UniVLA - Action Decoder (Deployment Head)
About VLA-Arena
VLA-Arena is a comprehensive benchmark designed to quantitatively understand the limits and failure modes of Vision-Language-Action (VLA) models. While VLAs are advancing towards generalist robot policies, measuring their true capability frontiers remains challenging. VLA-Arena addresses this by proposing a novel structured task design framework that quantifies difficulty across three orthogonal axes:
- Task Structure: 170+ tasks grouped into four key dimensions:
- Safety: Operating reliably under strict constraints.
- Distractor: Handling environmental unpredictability.
- Extrapolation: Generalizing to unseen scenarios.
- Long Horizon: Executing complex, multi-step tasks.
- Language Command: Variations in instruction complexity.
- Visual Observation: Perturbations in visual input.
Tasks are designed with hierarchical difficulty levels (L0-L2). In this benchmark setting, fine-tuning is typically performed on L0 tasks to assess the model's ability to generalize to higher difficulty levels and strictly follow safety constraints.
Model Overview
This model is the Action Decoder Head for UniVLA. Unlike the Latent Action Model (LAM) which is used for tokenizing video data, this decoder is a lightweight transformer module attached to the UniVLA backbone during deployment.
Its specific role is Detokenization: it takes the sequence of Latent Action Tokens (predicted by the VLM backbone) and Visual Embeddings, and decodes them into precise, continuous Action Chunks (7-DoF trajectories) executable by the robot.
Model Architecture
The Action Decoder is designed to bridge the gap between the discrete latent space of the VLM and the continuous action space of the robot.
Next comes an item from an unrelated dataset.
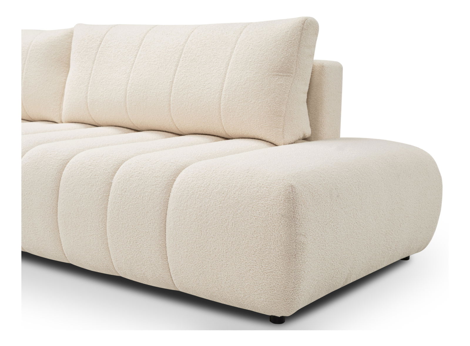 Textilie Lambi má nerovný povrch charakteristický buklé smyčkami, očky nebo nopky, což jí dodává výraznou texturu. Vyrobena je z příze složené z různých vláken, která dohromady vytvářejí jemný a texturovaný vzor. Lambi je obzvlášť známá svojí vlnovitou "uzlíkovou" strukturou a je příjemná na dotek, což ji činí vhodnou pro aplikace, kde je důležitý komfort a estetický vzhled. Gramáž: 450 g/m² ± 5%. Složení: 100% polyester.
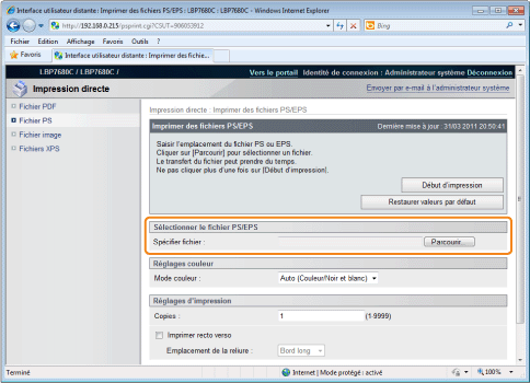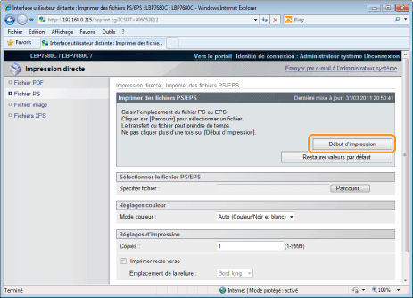 Ne continuez pas à cliquer sur [Début d'impression] pendant le transfert du fichier. Il faut parfois assez longtemps pour transférer un fichier et, si vous cliquez pendant le transfert, cela peut provoquer une erreur du fichier et empêcher son transfert.

It utilizes Multi-Head Attention Pooling to extract context-specific features from both latent actions and visual observations.
| Component | Description |
|---|---|
| Input | Latent Action Embeddings + Visual Embeddings (VLM Last Layer) |
| Context Mechanism | Attention Pooling (Visual tokens query Action tokens) |
| Output | Action Chunks (Sequence of continuous poses) |
| Parameter Count | 12.6M (Lightweight Adapter) |
Architecture Configuration
The decoder consists of attention pooling layers followed by projection MLPs. For real-world deployment, it also includes a proprioceptive projection layer.
| Parameter | Value |
|---|---|
| Attention Heads | 8 |
| Head Dimension | 64 |
| Hidden Size | 512 |
| MLP Ratio | 4 |
| Proprioception Projection | 2 Layers (Hidden Size 512) |
Key Feature: Action Chunking
Unlike OpenVLA which predicts actions step-by-step, this decoder outputs Action Chunks (default size $N=12$ for real-world tasks). This allows for significantly smoother control and higher inference frequency ($\sim$10Hz).
Training Details
Dataset
This model was fine-tuned on the VLA-Arena/VLA_Arena_L0_L_rlds dataset.
Training Strategy
This decoder is trained end-to-end with the UniVLA backbone (via LoRA). While the backbone learns to predict the correct discrete latent token, this decoder simultaneously learns to map that token to the correct continuous physical action.
| Parameter | Value |
|---|---|
| Loss Function | L1 Loss (Ground Truth vs. Predicted Action) |
| Optimization | Joint optimization with VLM Next-Token Prediction |
| Visual Conditioning | Enabled (Visual embeddings used as queries) |
Evaluation & Usage
This model must be used in conjunction with the UniVLA backbone.
- Backbone Phase: The VLM predicts a sequence of discrete latent tokens (e.g.,
<ACT_1>,<ACT_2>). - Decoder Phase (This Model): These tokens, along with the visual context, are passed to this Action Decoder to generate the final $7\times N$ action vector (End-effector pose + Gripper).
Ablation studies show that this specific Visual-Attention Decoder outperforms standard auto-regressive decoding by 42.1% on long-horizon tasks (LIBERO-Long), proving its efficacy in reducing ambiguity and improving precision.
For detailed evaluation instructions, metrics, and scripts, please refer to the VLA-Arena repository.